Task description
Write down the listing again exactly as it appears below, without its pictures.

Recorded information

************

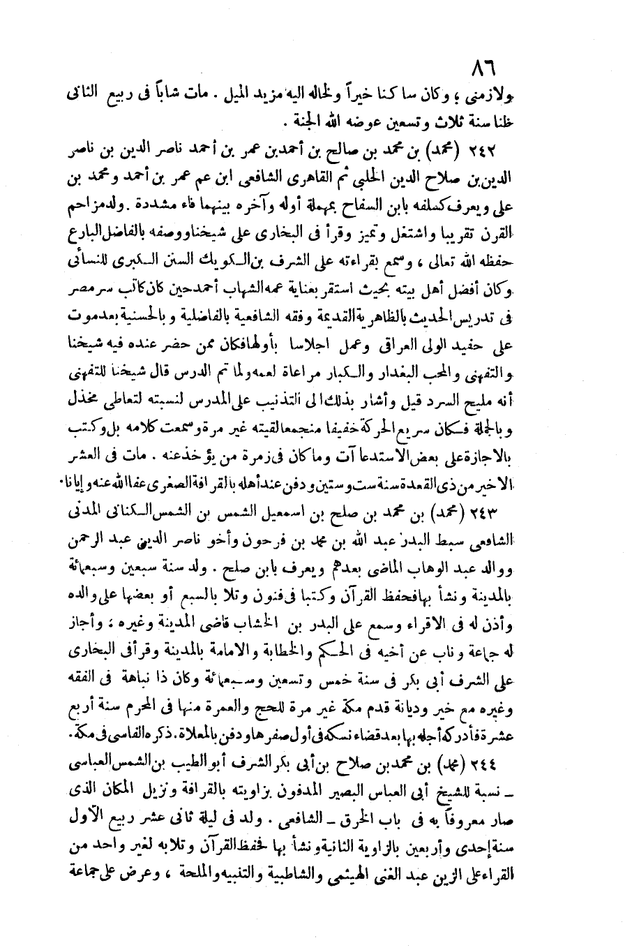 242 - مُحَمَّد بن مُحَمَّد بن صَالح بن أَحْمد بن عمر بن أَحْمد نَاصِر الدّين بن نَاصِر الدّين بن نَاصِر الدّين بن نَاصِر الدّين بن صَلَاح الدّين الْحلَبِي ثمَّ الْقَارِي الشَّافِعِي ابْن عَم عمر بن أَحْمد وَمُحَمّد بن عَليّ وَيعرف كسلفه بِابْن السفاح بِمُهْملَة أَوله وَآخره بَينهمَا فَاء مسددة. / ولد مُزَاحم الْقرن تَقْرِيبًا واشتغل وتميز وَقَرَأَ فِي البُخَارِيّ على شَيخنَا وَصفه بالفاضل البارع حفظه الله تَعَالَى،)
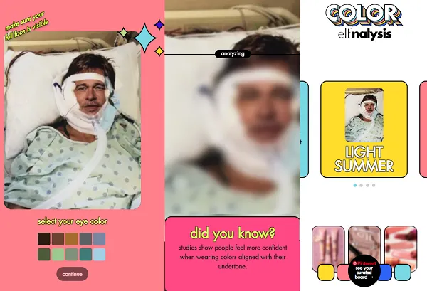 As you can see in these examples, using the “e.l.f.nalysis” activation, you can either upload a selfie or a photo from your camera roll (I’ve nominated Mr. Pitt in my place), along with a manual tag fr your eye color, which will then be analysed to highlight your best color palette.
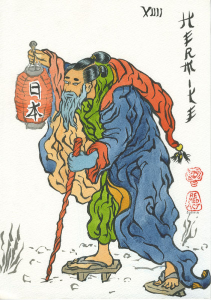 L'hermite japonais - carte VIIII du jeu de tarot Adptation libre de la lame majeur n°5, "l'hermite" du jeu de Tarot de Marseille, dans un style japonais.
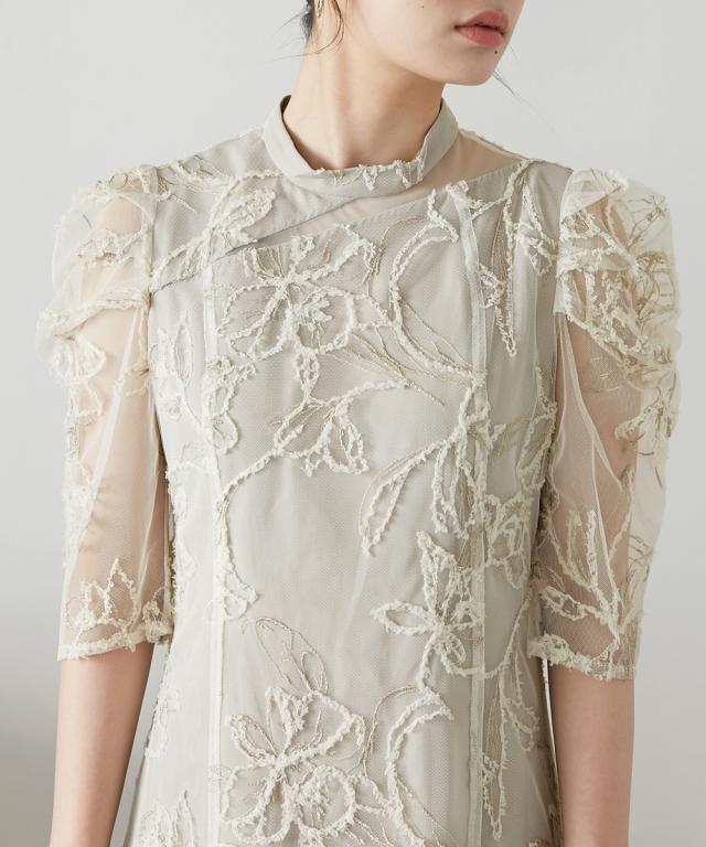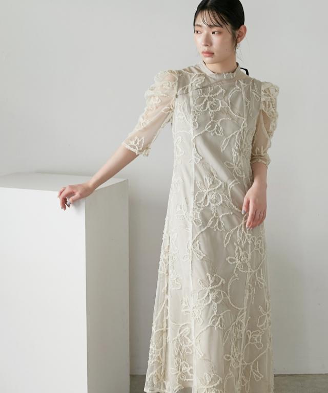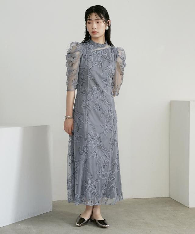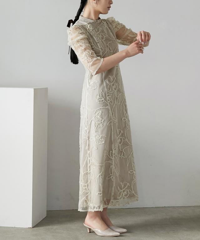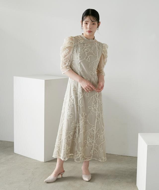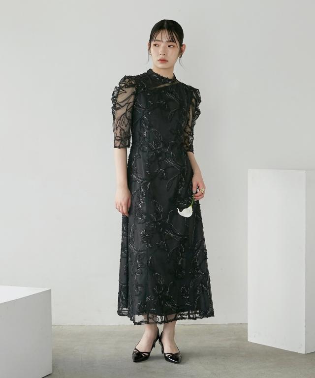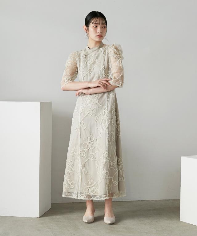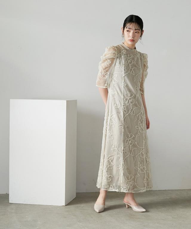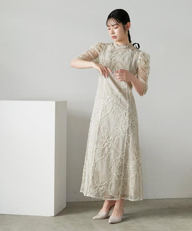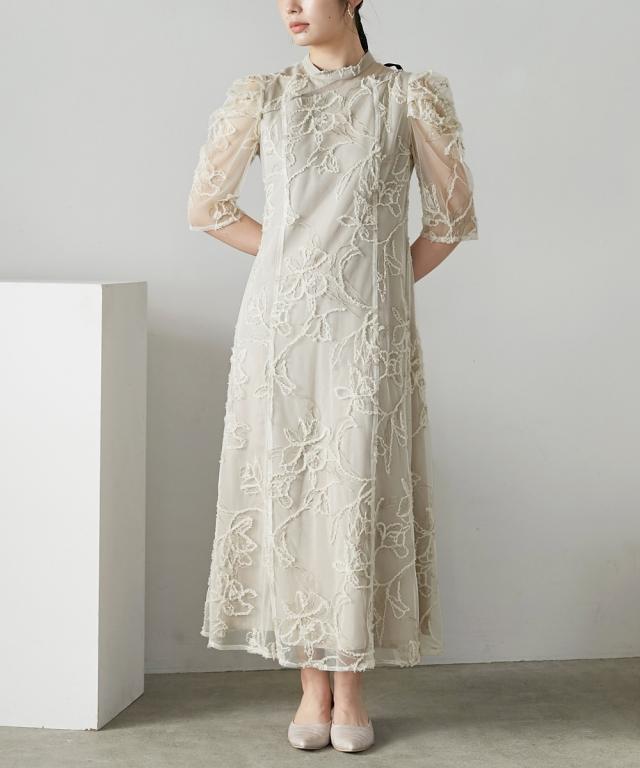 【結婚式・お呼ばれ・パーティー・オケージョンドレス】カッティング風フリンジ刺繍ロング丈ワンピースドレス 〔Callarus〕

************

Task answer
 242 - مُحَمَّد بن مُحَمَّد بن صَالح بن أَحْمد بن عمر بن أَحْمد نَاصِر الدّين بن نَاصِر الدّين بن نَاصِر الدّين بن نَاصِر الدّين بن صَلَاح الدّين الْحلَبِي ثمَّ الْقَارِي الشَّافِعِي ابْن عَم عمر بن أَحْمد وَمُحَمّد بن عَليّ وَيعرف كسلفه بِابْن السفاح بِمُهْملَة أَوله وَآخره بَينهمَا فَاء مسددة. / ولد مُزَاحم الْقرن تَقْرِيبًا واشتغل وتميز وَقَرَأَ فِي البُخَارِيّ على شَيخنَا وَصفه بالفاضل البارع حفظه الله تَعَالَى،)
 As you can see in these examples, using the “e.l.f.nalysis” activation, you can either upload a selfie or a photo from your camera roll (I’ve nominated Mr. Pitt in my place), along with a manual tag fr your eye color, which will then be analysed to highlight your best color palette.
 L'hermite japonais - carte VIIII du jeu de tarot Adptation libre de la lame majeur n°5, "l'hermite" du jeu de Tarot de Marseille, dans un style japonais.
 【結婚式・お呼ばれ・パーティー・オケージョンドレス】カッティング風フリンジ刺繍ロング丈ワンピースドレス 〔Callarus〕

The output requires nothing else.